# Work done by a constant force question

1. Oct 9, 2009

### farleyknight

1. The problem statement, all variables and given/known data

A 9.9 kg body is at rest on a frictionless horizontal air track when a constant horizontal force $$\vec{F}$$ acting in the positive direction of an x axis along the track is applied to the body. A stroboscopic graph of the position of the body as it slides to the right is shown in Fig. 7-26. The force $$\vec{F}$$ is applied to the body at t = 0, and the graph records the position of the body at 0.50 s intervals. How much work is done on the body by the applied force $$\vec{F}$$ between t = 0.71 and t = 1.1 s?

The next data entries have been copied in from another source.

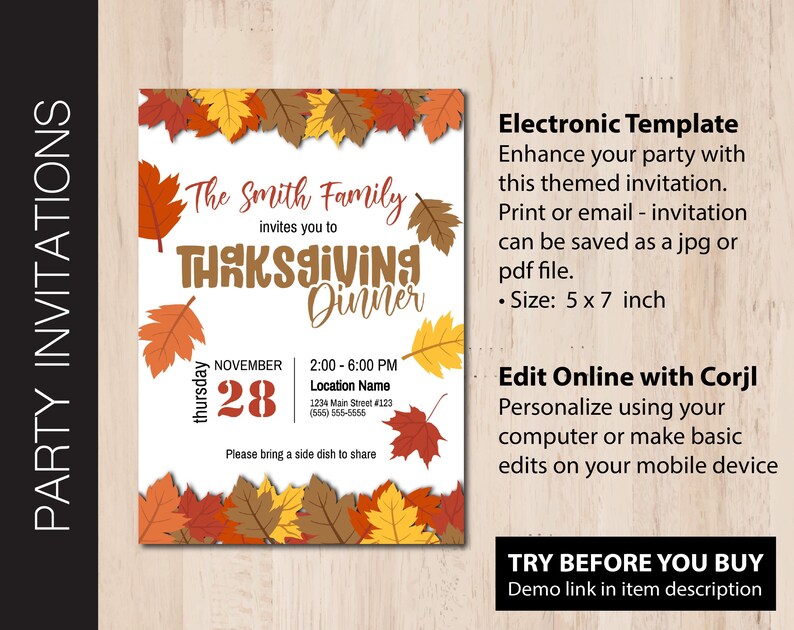 Editable THANKSGIVING Dinner Invitation Friendsgiving Potluck
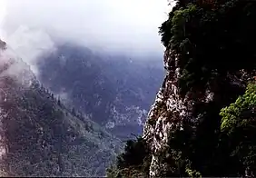 - a doua zonă, între 600 și 1.400 de metri, este zona pădurilor de fagi, brazi și conifere montane, aici întâlnindu-se pinul negru (Pinus nigra var. pallasiana) în tufișuri neamestecate și compacte, sau în păduri mixte cu fagul (Fagus sylvatica). Fagii formează mici pâlcuri, compacte sau amestecate cu brad, pin bosniac (Pinus heldreichii) sau pin negru, ocupând solurile mai bogate și mai umede. În grupuri mici sau în tufișuri se întâlnesc specii de brad macedonean (Abies borissi-regis), carpen oriental (Carpinus orientalis), ulm (Ulmus glabra), alun (Coryllus avellana), corn (Cornus mas), tisa (Taxus baccata), precum și o varietate semnificativă de plante erbacee. În chei și ravene se găsesc platani orientali (Platanus orientalis) și sălcii (Salix eleagnos).
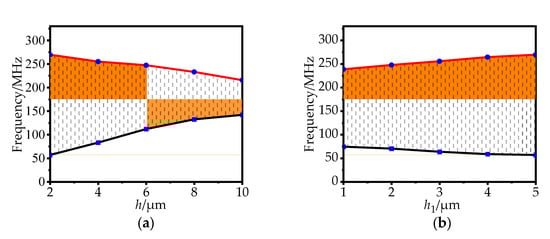 The phononic crystal’s structural change will affect the band gap’s range. By changing the height h of the connecting plate and the position h1 of the connecting plate, the change law of the starting band gap and the cut-off band gap is studied. As can be seen from parts in Figure 4a,b, keeping other parameters unchanged, with the increase of h, the starting frequency of the band gap increases rapidly, while the cut-off frequency of the band gap gradually decreases. With the increase of h1, the starting frequency of the band gap decreases slowly, while the cut-off frequency of the band gap increases slowly. Therefore, the width of the band gap gradually changes.
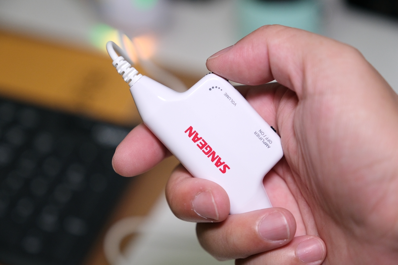 既然有声音外放的喇叭,自然也少不了音量调节了,山进PS-300的线控集音量调节滚轮、扩音器开关拨键和电池仓于一身。
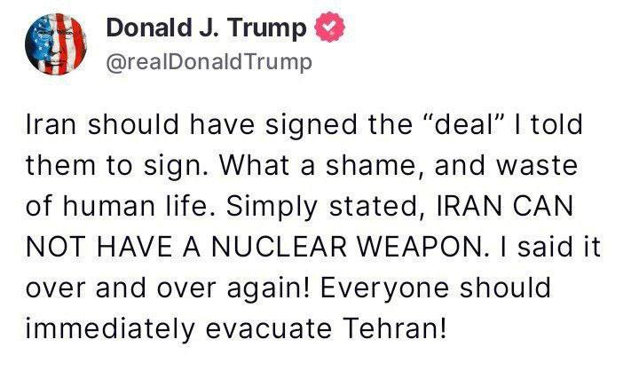 ایران باید «توافقی» را که من به آنها گفتم امضا میکرد. چه شرمآور و اتلاف جان انسانها. به زبان ساده، ایران نمیتواند سلاح هستهای داشته باشد. من بارها و بارها این را گفتهام! همه باید فوراً تهران را تخلیه کنند! دیدگاهتان را بنویسید لغو پاسخدیدگاهبرای ارسال دیدگاه نام یا نامکاربری خود را وارد کنید برای ارسال دیدگاه آدرس ایمیل خود را وارد کنید آدرس وبسایت خود را وارد کنید (اختیاری) ذخیره نام، ایمیل و وبسایت من در مرورگر برای زمانی که دوباره دیدگاهی مینویسم. Δ
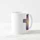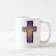 Esto es una taza de café cristiana adornada con un diseño cruzado púrpura.
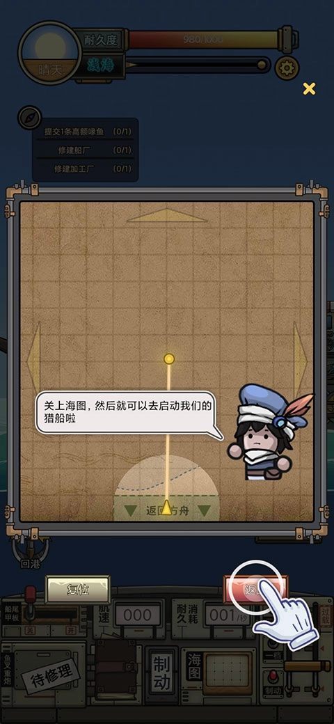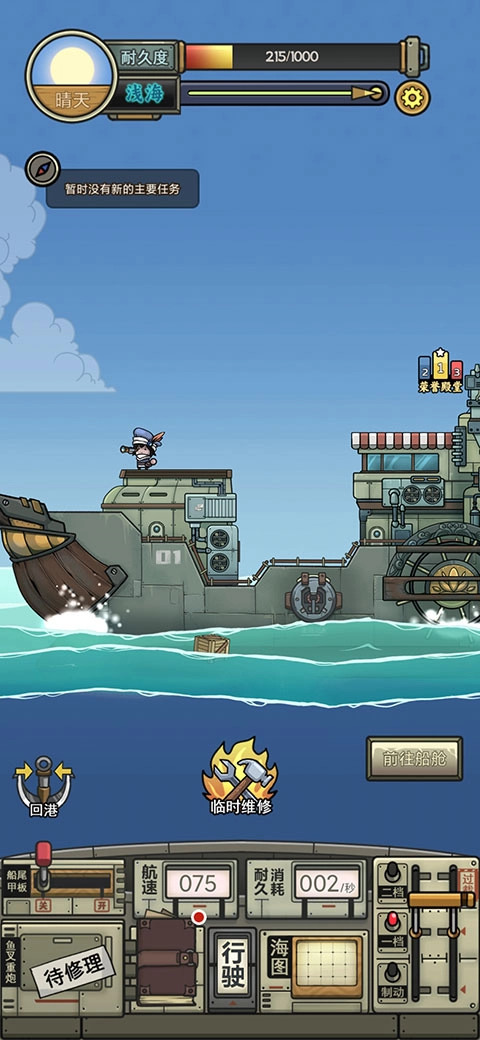 2、出海需要满足特定条件:船体耐久不低于200,且至少需要一格体力。
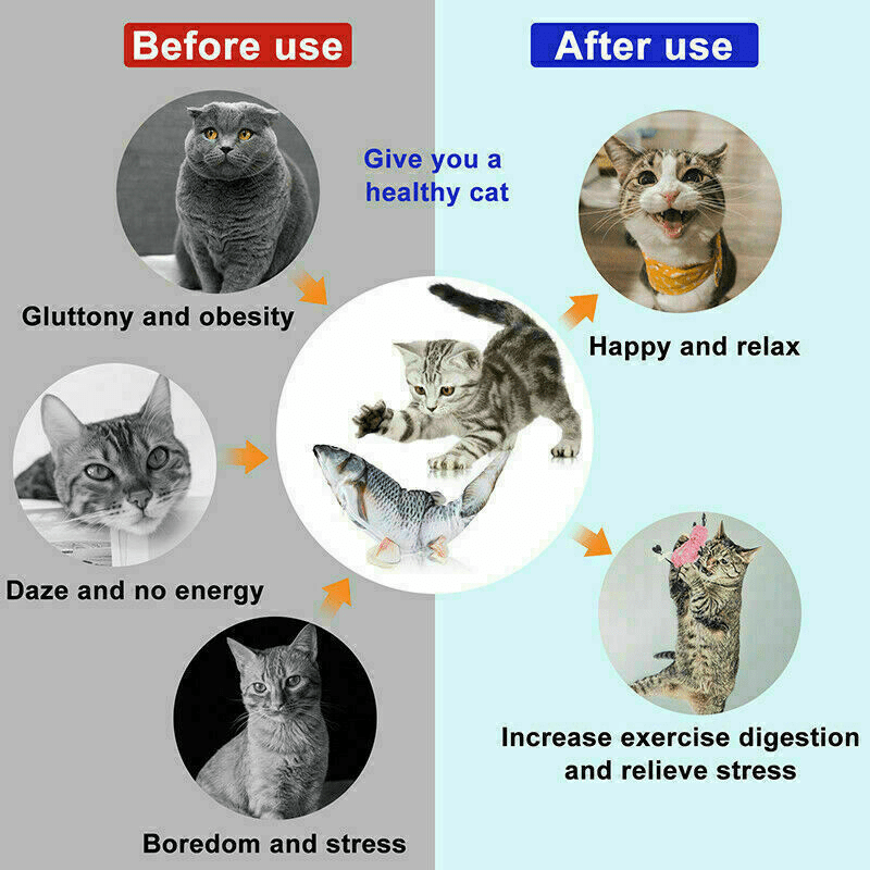 This floppy fish cat toy has a clear and realistic fishy appearance, making it easy to catch cat's interest. And the electric wagging fish move the tail to attract the cats to catch them, let your kitten deeply c
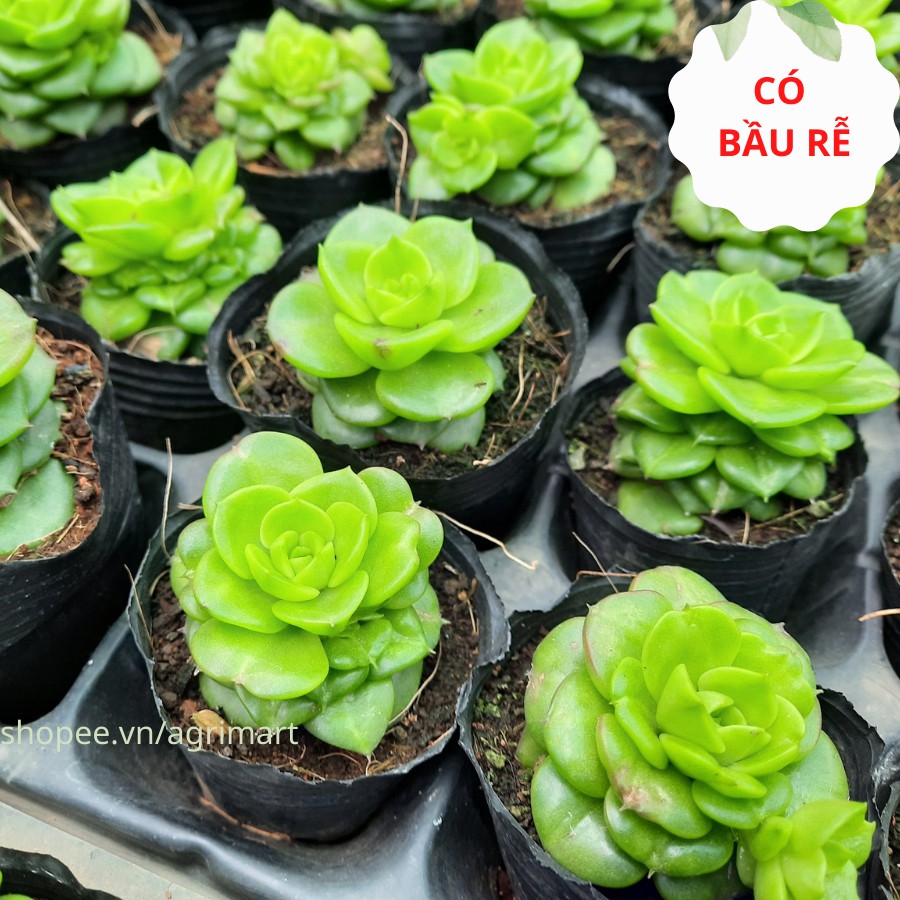 Sen đá hoa hồng hà lan màu xanh ngọc đẹp, cây sen đá có bầu rễ khỏe tại nhà vườn hoa sen đà lạt
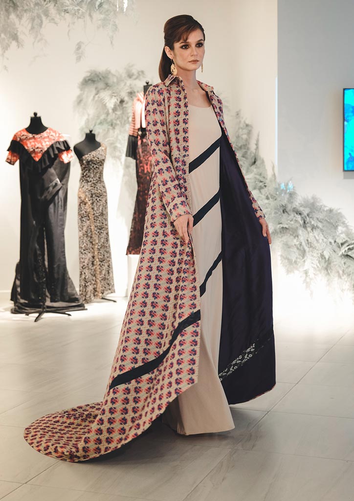 The capsule collection by Septième Rebelle using the Sansó textile designs is a nod or a curtsy to the revival of fashion after the second world war, which was the time a young Juvenal Sansó made contributions to fashion as a designer for fabric houses and ateliers overseas; and to the hopeful resurgence of high fashion after limitations set by debilitating lockdowns.
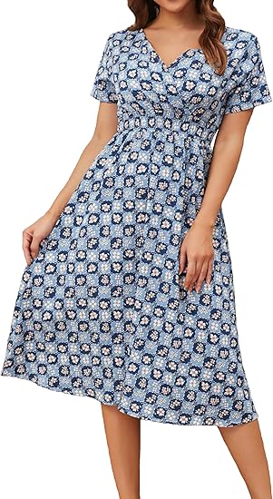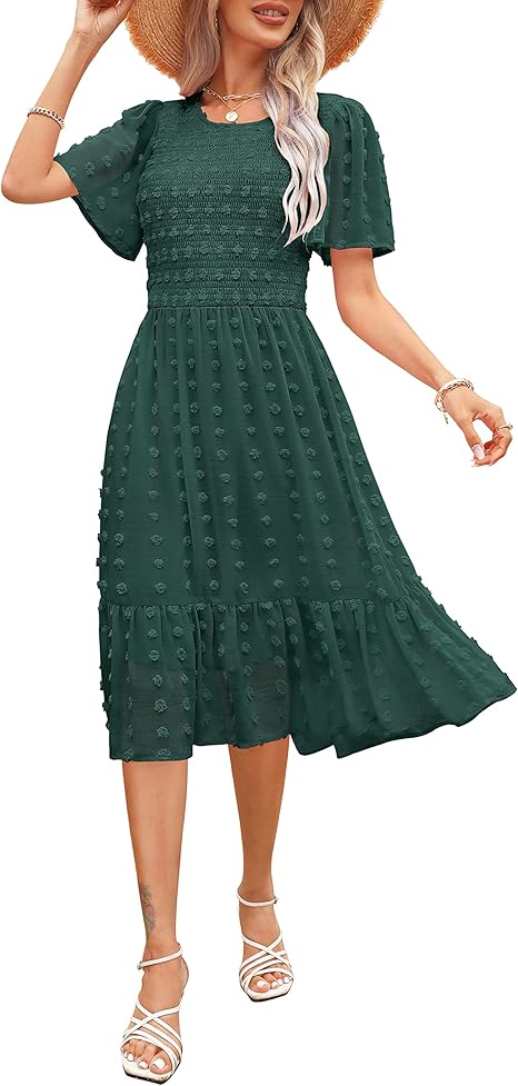 Women 2024 Summer Fall Wedding Guest Round Neck Flutter Short Sleeve Swing Flowy Tiered Smocked Swiss Dot Midi Dress
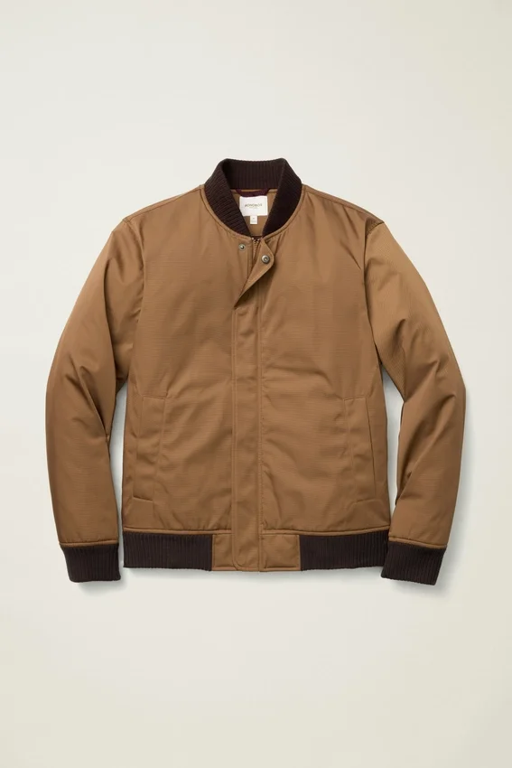 La chaqueta Filled Boulevard Bomber de Bonobos es una prenda resistente a la lluvia con ligero aislamiento. Una chaqueta bomber aislante para hombre diseñada para ofrecer comodidad, calidez y uso en múltiples estaciones.

http://edugen.wiley.com/edugen/courses/crs1650/art/qb/qu/c07/fig07_26.gif

2. Relevant equations

3. The attempt at a solution

Firstly, unless my numbers are wrong, the acceleration for object this is not constant.

From t = 0 to t = 0.5, $$\delta s = 0.04$$. So then $$v = 0.08$$

From t = 0.5 to t = 1.0, $$\delta s = 0.16$$. So then $$v = 0.24$$

From t = 1.0 to t = 1.5, $$\delta s = 0.24$$. So then $$v = 0.48$$

But notice that for the first two intervals, $$\delta v = 16$$ while for the second, it is $$\delta = 0.24$$. So the acceleration is not constant on the interval t = 0 to t = 1.5.

However, I did manage to boil down the answer to the solution to this equation:

$$d = (x_f - x_i) = \frac{1}{2}a*t_f^2 - \frac{1}{2}a*t_i^2 = \frac{1}{2}a*(t_f^2 - t_i^2)$$

Solving for work:

$$W = Fd \cos(\phi) = m*a*d = \frac{1}{2}m*a^2*(t_f^2 - t_i^2)$$

Subbing the values:

$$W = (0.5)*(9.9)*(1.1^2 - 0.71^2)*a = 3.4947*a$$

Where a is whatever value that works, given the data. Note that I've tried a = 0.48, the acceleration that I found from t = 0 to t = 1.5, a = 0.32 which is the discrete average acceleration from t = 0 to t = 2.0, a = 0.426, which is the arithmetic average of the three values for a I have. Suffice to say none of them work.

Kinda feel dumb for being hung up on such a simple problem, but whatever..

2. Oct 9, 2009

### Vykan12

If the force applied and external forces are all constant, what gives you the impression that acceleration isn't?

3. Oct 9, 2009

### farleyknight

The data! I should post up the chart I made to show you what I mean, but I don't know if the forums accept tables.

4. Oct 9, 2009

### Vykan12

I plotted the points on my calculator and got the linear expression a = 0.4v - 0.1333333...

This seems like a strange problem to give as homework. Also, how did you come up with that expression for acceleration?

5. Oct 9, 2009

### farleyknight

There are 5 data points, which gives 4 position deltas:

$$\delta s_1 = 0.04 - 0 = 0.04$$
$$\delta s_2 = 0.20 - 0.04 = 0.16$$
$$\delta s_3 = 0.44 - 0.20 = 0.24$$
$$\delta s_4 = 0.80 - 0.44 = 0.36$$

Which in tern gives you 3 velocity deltas: (using *2 instead of / 0.5)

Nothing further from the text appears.